* **Input data**
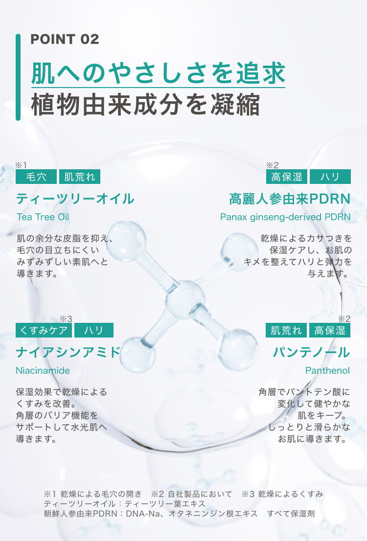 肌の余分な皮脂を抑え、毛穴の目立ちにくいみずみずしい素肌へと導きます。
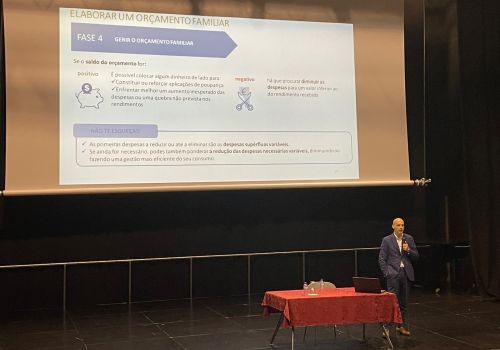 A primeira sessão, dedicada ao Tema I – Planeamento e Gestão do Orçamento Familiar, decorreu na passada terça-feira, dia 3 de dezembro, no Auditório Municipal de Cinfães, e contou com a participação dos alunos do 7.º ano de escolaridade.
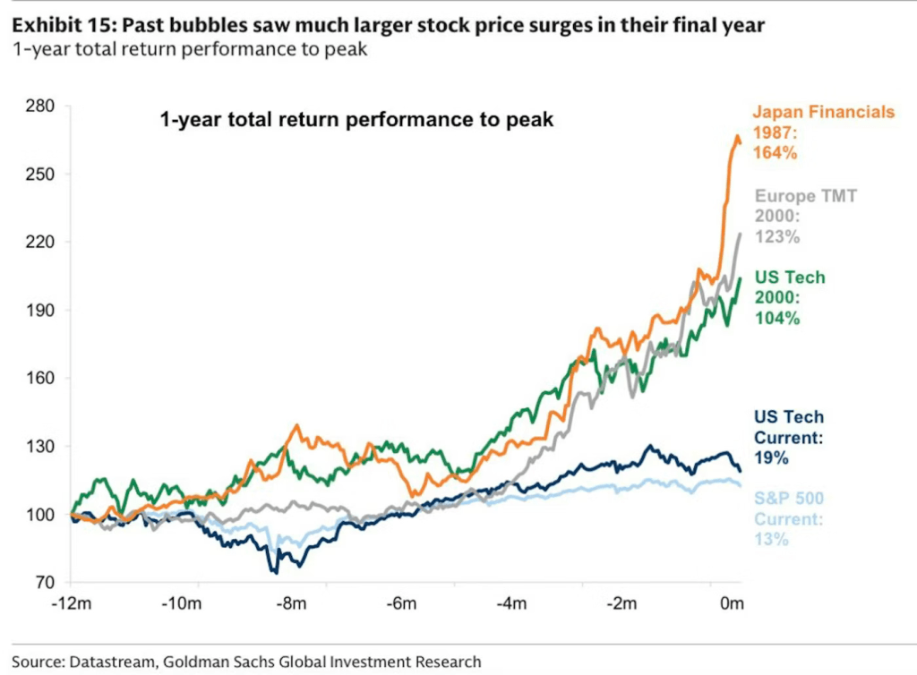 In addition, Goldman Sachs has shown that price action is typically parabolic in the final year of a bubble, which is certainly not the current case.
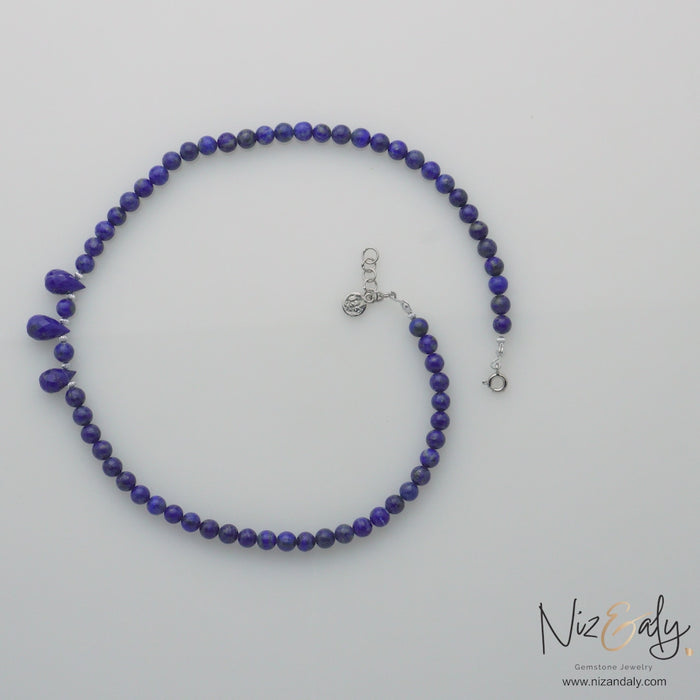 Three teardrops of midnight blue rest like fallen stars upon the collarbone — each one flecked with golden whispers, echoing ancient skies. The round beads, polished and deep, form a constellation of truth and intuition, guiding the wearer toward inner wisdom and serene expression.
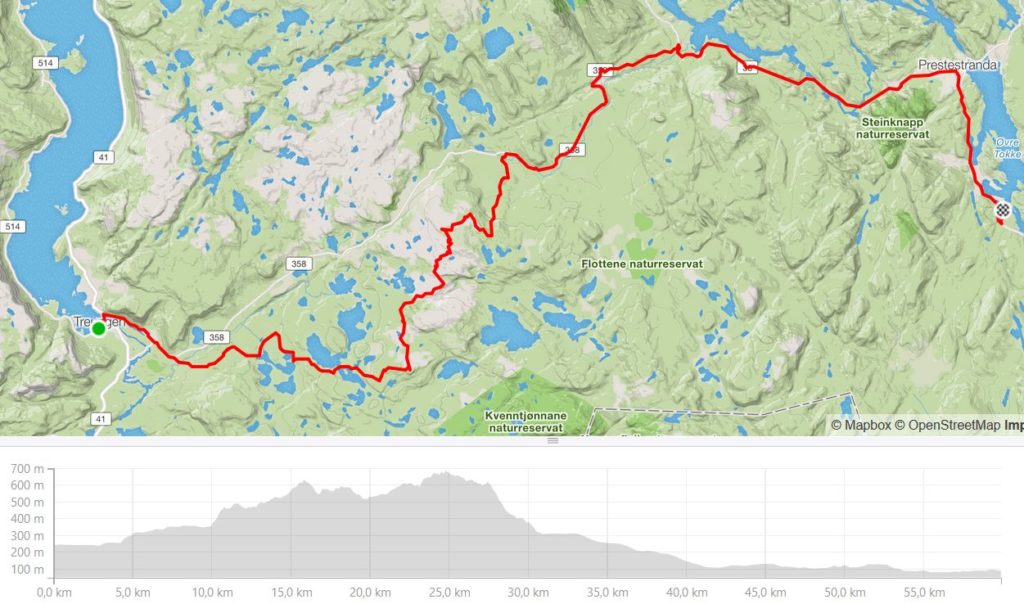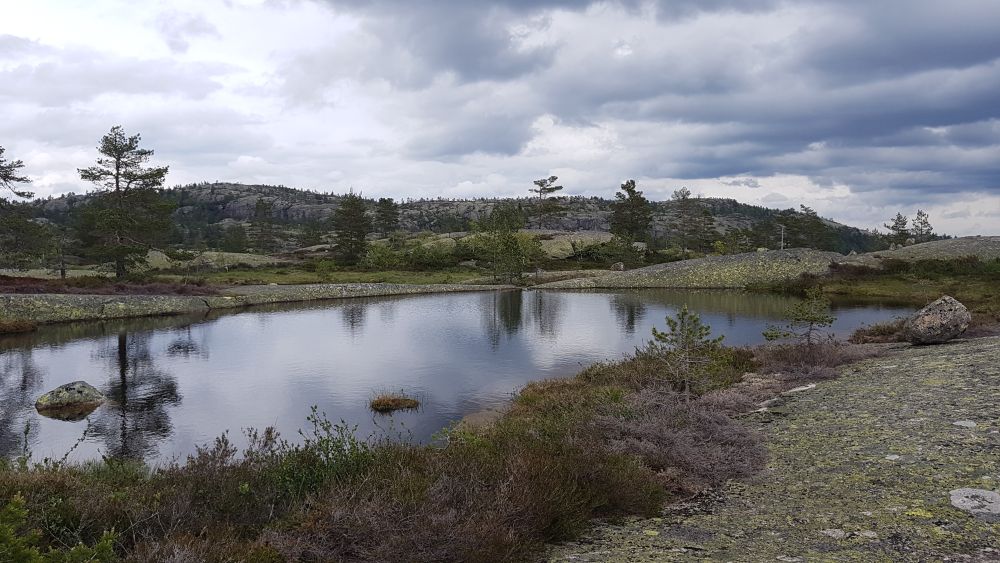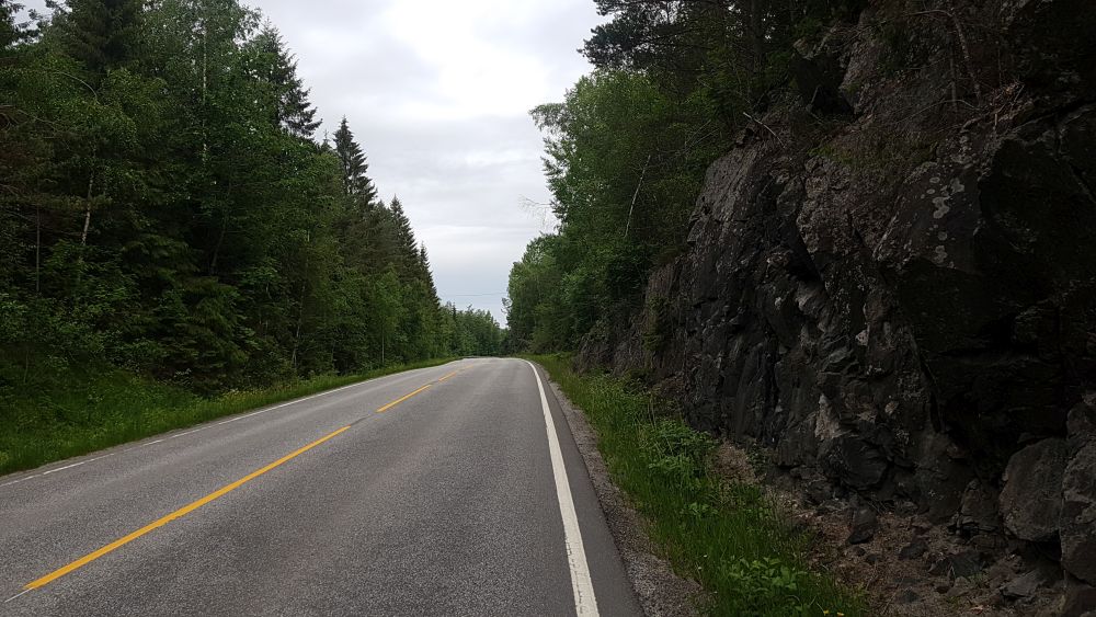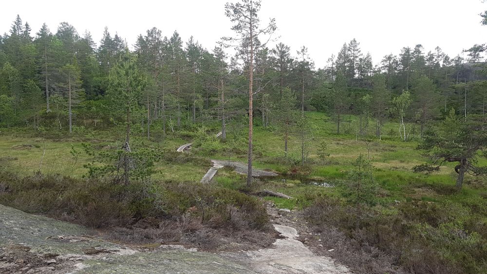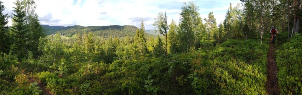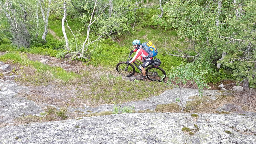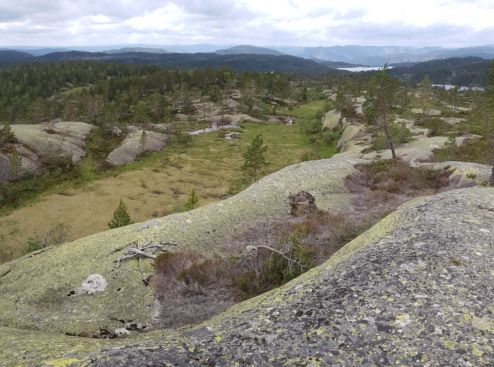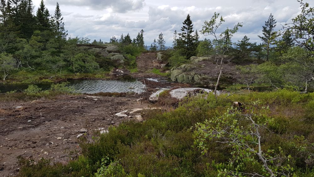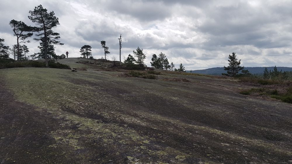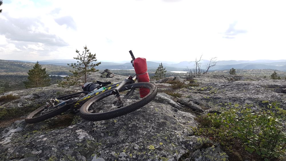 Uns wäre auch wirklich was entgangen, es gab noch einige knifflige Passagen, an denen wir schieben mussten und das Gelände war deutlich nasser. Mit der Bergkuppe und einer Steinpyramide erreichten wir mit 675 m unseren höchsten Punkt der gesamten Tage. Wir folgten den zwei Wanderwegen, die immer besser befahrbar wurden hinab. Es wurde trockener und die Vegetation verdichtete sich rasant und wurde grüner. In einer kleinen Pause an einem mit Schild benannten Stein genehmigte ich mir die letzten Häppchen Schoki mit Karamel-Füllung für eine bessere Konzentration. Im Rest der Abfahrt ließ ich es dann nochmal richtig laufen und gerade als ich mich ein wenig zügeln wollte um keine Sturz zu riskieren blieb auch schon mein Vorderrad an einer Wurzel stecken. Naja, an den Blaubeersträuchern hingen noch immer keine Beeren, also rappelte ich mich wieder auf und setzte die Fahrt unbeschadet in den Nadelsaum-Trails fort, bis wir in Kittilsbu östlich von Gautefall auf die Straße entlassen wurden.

* **Your goal**
Give back exactly the run of lines that opens the material above and ends at the line with "A primeira sessão, dedicada". Omit the pictures.

* **Expected output**
 肌の余分な皮脂を抑え、毛穴の目立ちにくいみずみずしい素肌へと導きます。
 A primeira sessão, dedicada ao Tema I – Planeamento e Gestão do Orçamento Familiar, decorreu na passada terça-feira, dia 3 de dezembro, no Auditório Municipal de Cinfães, e contou com a participação dos alunos do 7.º ano de escolaridade.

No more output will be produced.